FILM
Next to the Sundance Film Festival, the annual South By Southwest (a.k.a. SXSW) festival in Austin, Texas, may be the most prestigious forum for new independent films in the United States. So when Noah Hutton ’09 had his film Crude Independence accepted by SXSW in the documentary category, he couldn’t help feeling excited.
“It was a huge honor,” he says. “The festival has evolved so quickly in the past few years to be one of the top U.S. film festivals with an international spotlight, and it was a perfect place to show our work. The exposure you receive there is invaluable.”
Though it wasn’t his first film, it was the first feature-length documentary Hutton had directed on his own. He had previously worked as a codirector on a documentary about Uganda in the summer of 2007. After that project was finished, Hutton began looking for a new subject. Soon after he read an article in the New York Times about the recent oil boom in North Dakota.
“I had a gut feeling that there was a film to be made, and I boarded a plane two days later to spend my winter break scouting out the area and shooting some preliminary footage,” Hutton says.
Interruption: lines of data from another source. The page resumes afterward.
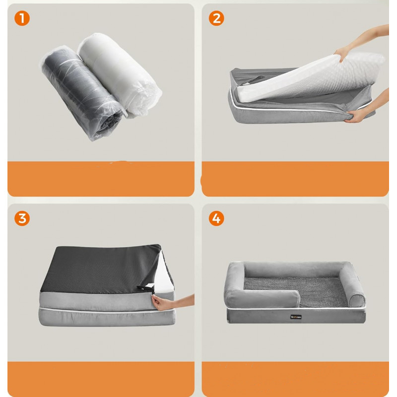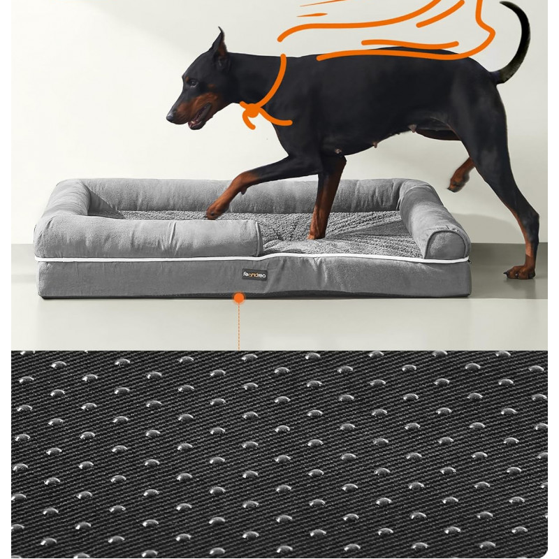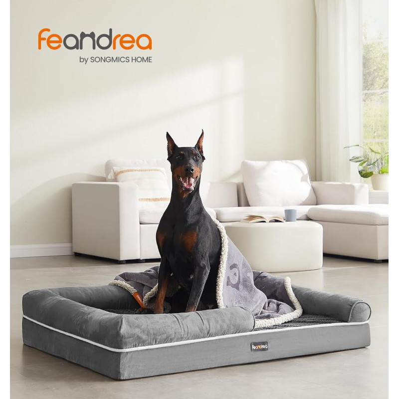 Scurta descriere: Patul ortopedic pentru caini Feandrea ofera un somn linistit si suport ergonomic pentru caini de talie medie. Prevazut cu margini inaltate si captuseala moale, ofera confort si siguranta. Husa impermeabila si detasabila asigura igiena usoara, iar baza antialunecare previne alunecarile accidentale.
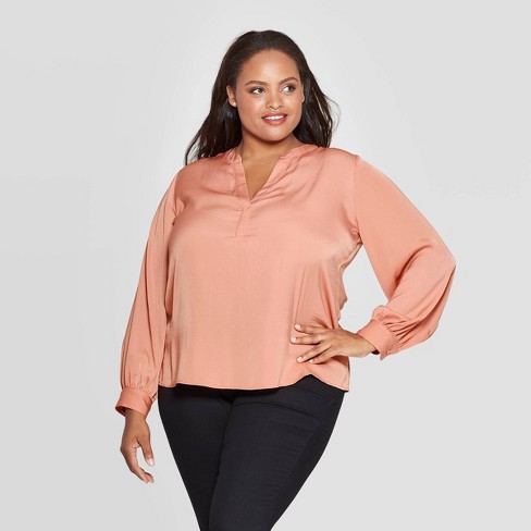 Women S Plus Size Long Sleeve V Neck Popover Top Ava Viv Peach 4x Target
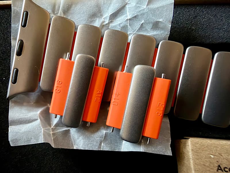 そして外したパーツのチタン側の裏には番号もふってて、間違えないようにしてくれてます。調整時のピンはバネ式なので取り外しも簡単でした。
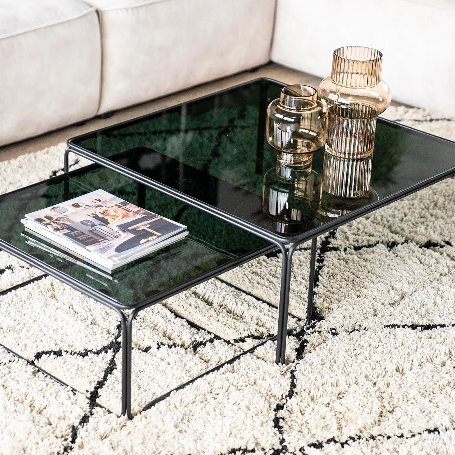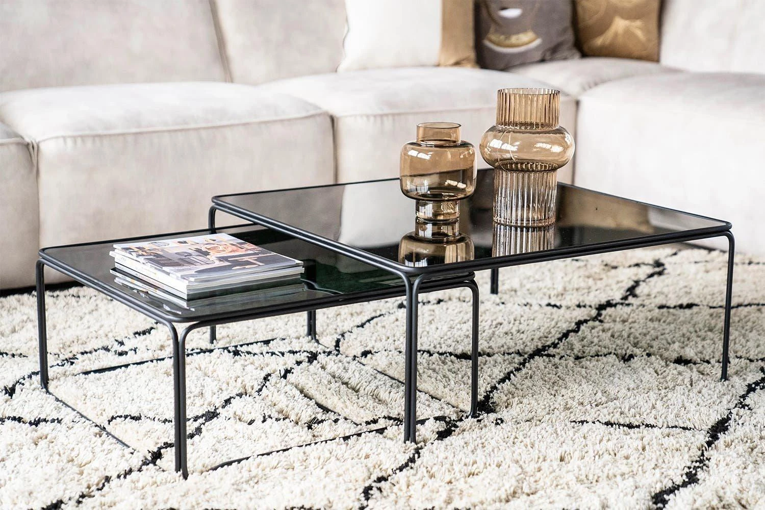 Veilig online shoppen doe je bij ons!Furnilux – Salontafel Olit large set van 2 – 75 x 75 x 33 cm van staal en glas.

He settled on the area in and around Stanley, N.D., a formerly sleepy town that found itself on top of potentially the largest oil field in North America. The landscape of the town and its surroundings, and the investment of oil speculators, had created overnight millionaires next door to people who weren’t so fortunate.
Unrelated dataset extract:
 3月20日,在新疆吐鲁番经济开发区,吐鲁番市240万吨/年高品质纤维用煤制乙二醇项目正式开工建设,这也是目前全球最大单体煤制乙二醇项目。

Hutton returned to the East Coast in search of funding. He soon found three individual investors, including one whose name carried a significant amount of cachet in the film world: Jonathan Demme.
“Jonathan Demme is involved in the Jacob Burns Film Center in New York City, which is the same one I’m associated with,” Hutton says. “He came to the screening of my documentary on Uganda and introduced himself afterward, saying he would be interested in seeing what I did next. Soon after, I sent him the proposal for Crude Independence and he came onboard.”
With a budget of about $6,000 in hand, Hutton headed up to North Dakota in the summer of 2008 for six weeks to film in and around the town of Stanley. He spent the rest of the summer editing his raw footage with Alex Footman ’09 and scoring the film. They finished in between classes and homework in September.
As he began to show the film and enter it in smaller festivals, the audience response was increasingly positive.
“I think people are surprised by the approach we’ve taken and the way the story develops on screen,” Hutton says. “We tried to make a documentary that feels somewhat like a narrative fiction film in its construction but still provides a complete, real-life sense of this moment in our nation’s history.”
What’s next for Hutton? He’s been studying neuroscience for the last two years and hopes to continue doing research in that area. He’s mused about medical school but he’s not ready to commit to that just yet. He’s also the president of Wesleyan’s student radio station, WESU, and may want to pursue opportunities in that medium.
“I’ll see this project out through distribution and I have a couple of freelance documentary projects lined up for the summer,” Hutton says. “After that, my real decision is whether I want to get a full-time job or do something part-time while I develop my next project, which I hope will be a narrative feature. I have a lot I’d like to do.”